- _Requirement_:
The answer is all of the data repeated exactly, with each picture omitted.

- _Provided data_:
▼▼▼

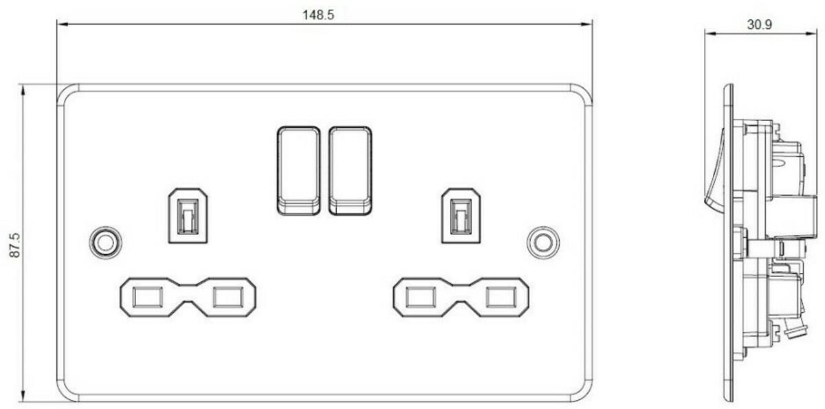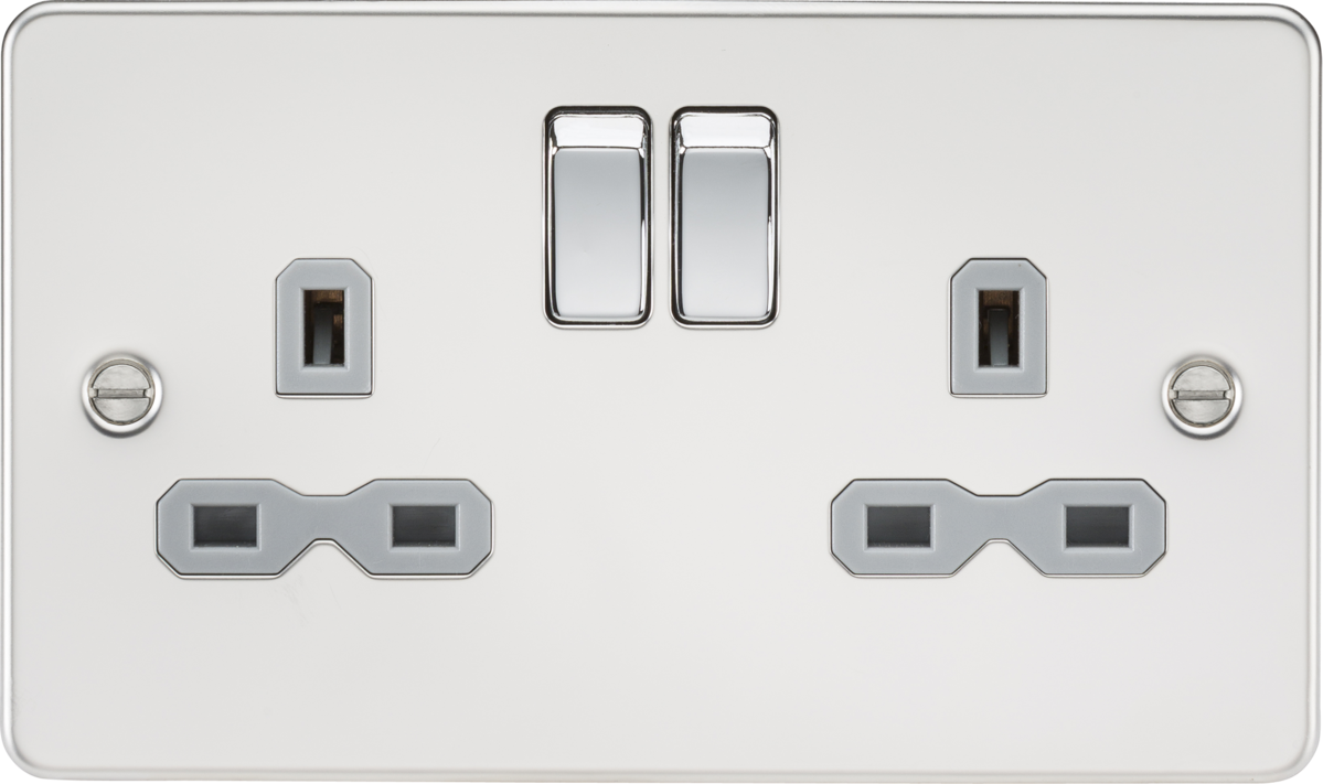 The 13A 2G DP Switched Socket with Twin Earths in Polished Chrome with Grey Insert is the perfect finishing touch to any modern home. This ultra-low profile Flat Plate metal design is equipped with matching metal rockers and a unique socket insert that is completely hidden once a plug is inserted.
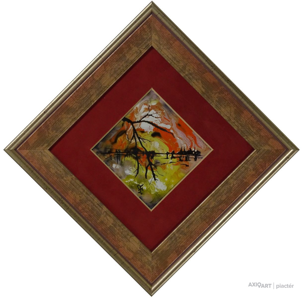 Keretezett tűzzománc kép színes paszpartuban. Akasztási lehetőséggel rendelkezik.
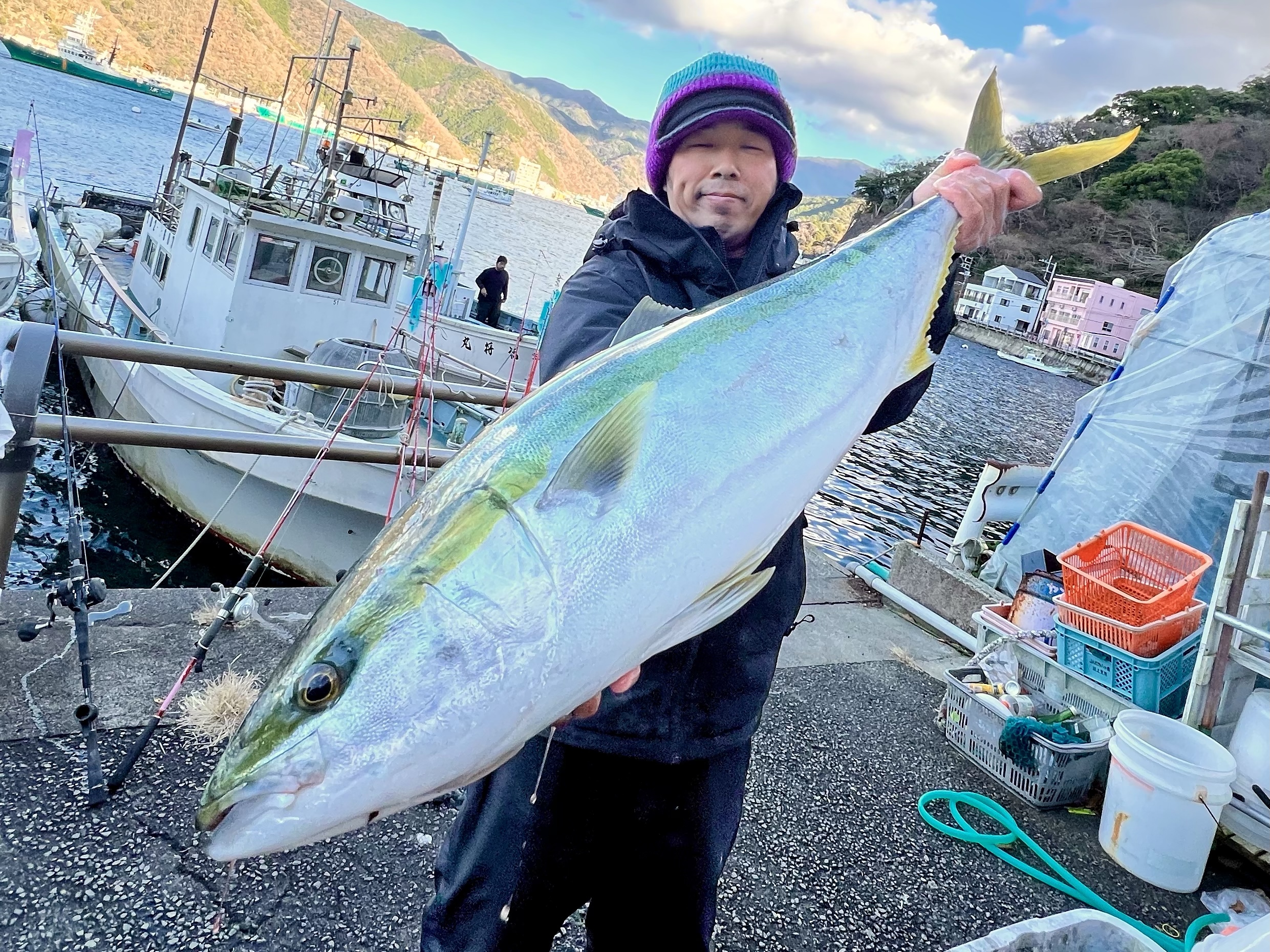 年始1発目は、せりさんが港の中で泳がせて釣ったブリから始まりましたね。

▲▲▲

- _Exercise response_:
 The 13A 2G DP Switched Socket with Twin Earths in Polished Chrome with Grey Insert is the perfect finishing touch to any modern home. This ultra-low profile Flat Plate metal design is equipped with matching metal rockers and a unique socket insert that is completely hidden once a plug is inserted.
 Keretezett tűzzománc kép színes paszpartuban. Akasztási lehetőséggel rendelkezik.
 年始1発目は、せりさんが港の中で泳がせて釣ったブリから始まりましたね。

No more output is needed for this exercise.